▸ **EXERCISE DESCRIPTION**
Look below for the line with "Academic Calendars 2025" and the line with "Если после снятия"; repeat exactly those two lines and all lines between them, but no pictures.

▸ **RECORDED DATA**
- Opening Delimiter -

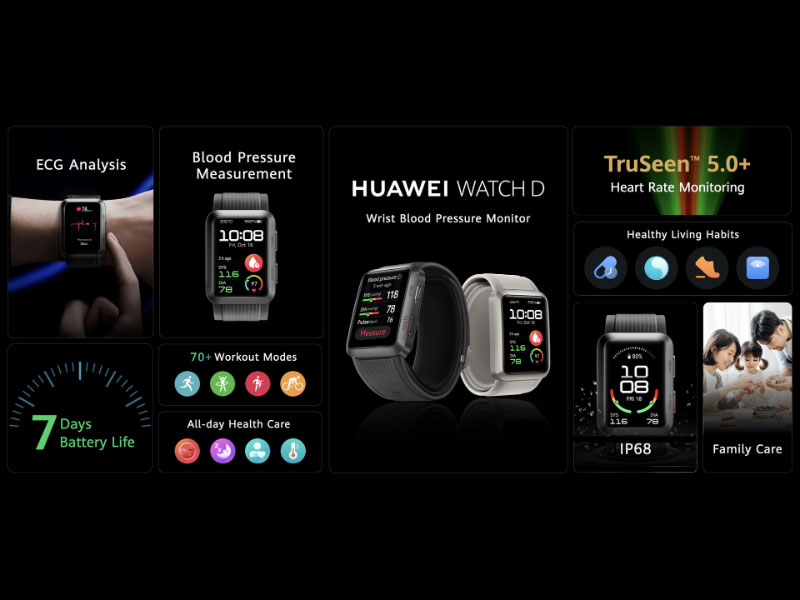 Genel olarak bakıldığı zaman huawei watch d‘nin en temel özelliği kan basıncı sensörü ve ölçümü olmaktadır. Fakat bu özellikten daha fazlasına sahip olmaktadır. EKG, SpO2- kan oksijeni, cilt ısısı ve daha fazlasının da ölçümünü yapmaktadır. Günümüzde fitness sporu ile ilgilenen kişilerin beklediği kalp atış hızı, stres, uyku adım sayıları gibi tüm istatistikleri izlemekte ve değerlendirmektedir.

- Closing Delimiter -
- Opening Delimiter -

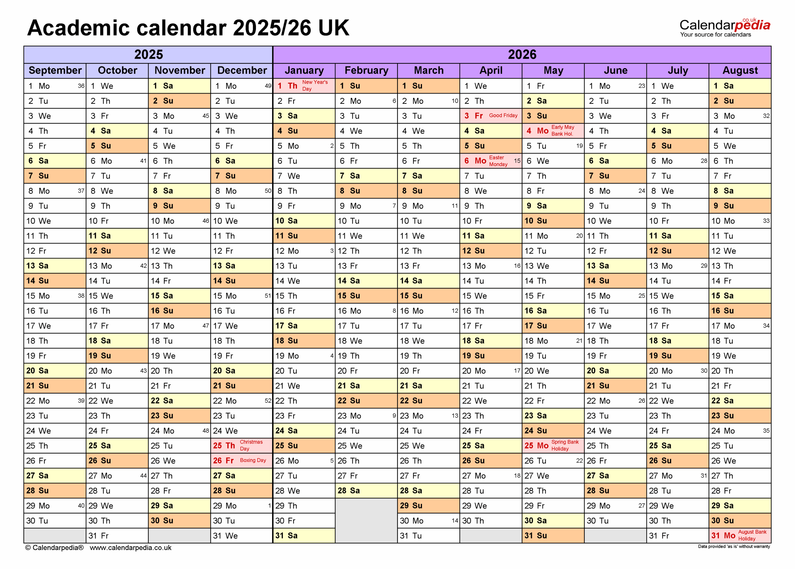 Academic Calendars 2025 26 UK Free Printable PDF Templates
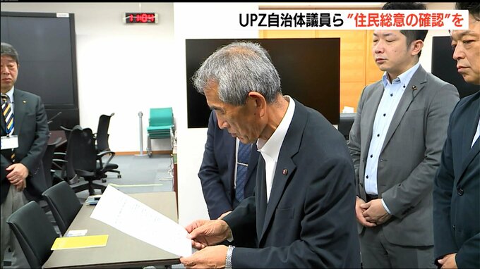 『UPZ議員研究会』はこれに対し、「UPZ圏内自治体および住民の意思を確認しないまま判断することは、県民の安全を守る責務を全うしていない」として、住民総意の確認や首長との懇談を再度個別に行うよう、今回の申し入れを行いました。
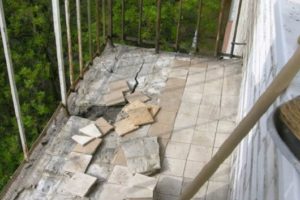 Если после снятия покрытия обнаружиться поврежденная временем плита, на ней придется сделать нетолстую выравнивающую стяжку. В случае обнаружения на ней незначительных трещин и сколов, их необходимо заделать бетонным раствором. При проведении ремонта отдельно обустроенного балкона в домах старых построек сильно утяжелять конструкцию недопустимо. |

- Closing Delimiter -

▸ **OUTPUT OF THE EXERCISE**
 Academic Calendars 2025 26 UK Free Printable PDF Templates
 『UPZ議員研究会』はこれに対し、「UPZ圏内自治体および住民の意思を確認しないまま判断することは、県民の安全を守る責務を全うしていない」として、住民総意の確認や首長との懇談を再度個別に行うよう、今回の申し入れを行いました。
 Если после снятия покрытия обнаружиться поврежденная временем плита, на ней придется сделать нетолстую выравнивающую стяжку. В случае обнаружения на ней незначительных трещин и сколов, их необходимо заделать бетонным раствором. При проведении ремонта отдельно обустроенного балкона в домах старых построек сильно утяжелять конструкцию недопустимо. |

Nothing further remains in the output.